About this exercise:
Transcribe, word for word and without additions, each line below from the one containing "双线设计,超强兼容,苹果/安" through the one containing "Cosmobet fonctionne comme", both ends included.

Records supplied:
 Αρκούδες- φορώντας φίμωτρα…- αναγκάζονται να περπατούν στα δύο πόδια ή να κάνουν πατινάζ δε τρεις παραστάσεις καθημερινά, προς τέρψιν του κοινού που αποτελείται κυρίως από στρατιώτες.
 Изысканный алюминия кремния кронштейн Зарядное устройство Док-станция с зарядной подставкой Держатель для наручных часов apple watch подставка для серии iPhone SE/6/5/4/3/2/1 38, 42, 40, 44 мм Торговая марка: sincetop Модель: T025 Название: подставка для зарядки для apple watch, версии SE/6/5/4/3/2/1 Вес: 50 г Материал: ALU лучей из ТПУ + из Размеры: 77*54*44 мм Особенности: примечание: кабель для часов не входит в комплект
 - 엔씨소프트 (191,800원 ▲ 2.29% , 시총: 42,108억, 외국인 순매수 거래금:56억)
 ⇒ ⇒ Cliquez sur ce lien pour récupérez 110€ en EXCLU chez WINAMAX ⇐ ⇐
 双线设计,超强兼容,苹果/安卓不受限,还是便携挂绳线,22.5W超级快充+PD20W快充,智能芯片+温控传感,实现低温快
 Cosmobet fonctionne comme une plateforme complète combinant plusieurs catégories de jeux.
---
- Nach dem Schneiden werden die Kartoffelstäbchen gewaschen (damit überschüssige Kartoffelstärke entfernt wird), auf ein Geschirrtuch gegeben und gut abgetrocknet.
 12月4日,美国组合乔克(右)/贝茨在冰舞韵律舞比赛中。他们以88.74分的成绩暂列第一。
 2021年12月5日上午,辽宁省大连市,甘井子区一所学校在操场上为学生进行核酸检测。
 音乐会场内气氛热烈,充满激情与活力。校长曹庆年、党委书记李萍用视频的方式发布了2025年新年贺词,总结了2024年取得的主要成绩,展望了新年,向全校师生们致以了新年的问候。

Solved problem:
 双线设计,超强兼容,苹果/安卓不受限,还是便携挂绳线,22.5W超级快充+PD20W快充,智能芯片+温控传感,实现低温快
 Cosmobet fonctionne comme une plateforme complète combinant plusieurs catégories de jeux.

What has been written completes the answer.